What's new in 3DNA 2.1
Nov 1, 2013
- updated README files and scripts in X3DNA/examples/ to v2.1 (a long overdue!), plus various other minor revisions.
- fixed a bug in rotate_mol/frame_mol (thanks to a bug report by Pascal Affinger); updated baselist.dat with nucleic-acid-containing entries in the PDB (as of June 7, 2013).
- updated baselist.dat with nucleic-acid-containing entries in the PDB (as of May 1, 2013); revised rotate_mol and frame_mol so that atom/residue names in the original PDB file are preserved.
- refined structure classification method to avoid false assignments of uncommon types (e.g., B-Z junction, W-form left-handed DNA) to structures with many non-canonical base pairs.
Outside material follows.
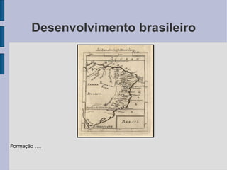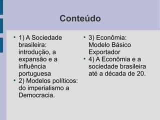 O documento discute a formação da sociedade brasileira, seus modelos políticos e desenvolvimento econômico ao longo dos séculos. Ele aborda a influência portuguesa na sociedade colonial brasileira, os principais modelos políticos desde o imperialismo até a democracia, e a economia de exportação agrícola que prevaleceu até a década de 1920 e sua crise resultante da quebra da Bolsa de Nova York.

- DSSR beta-r08-on-20130323 released: refined algorithm for detecting multiplets, revised the header section to output the numbers of DNA/RNA chains, nucleotides, waters, and metals. As of this release, it appears safe to say that DSSR-beta contains all the basic features and has been well tested. The program is ready serve as a handy tool for RNA structure analysis.
- 3DNA v2.1 has been updated with baselist.dat and atomlist.dat to accommodate all DNA/RNA entries in the latest PDB, plus minor code refinements.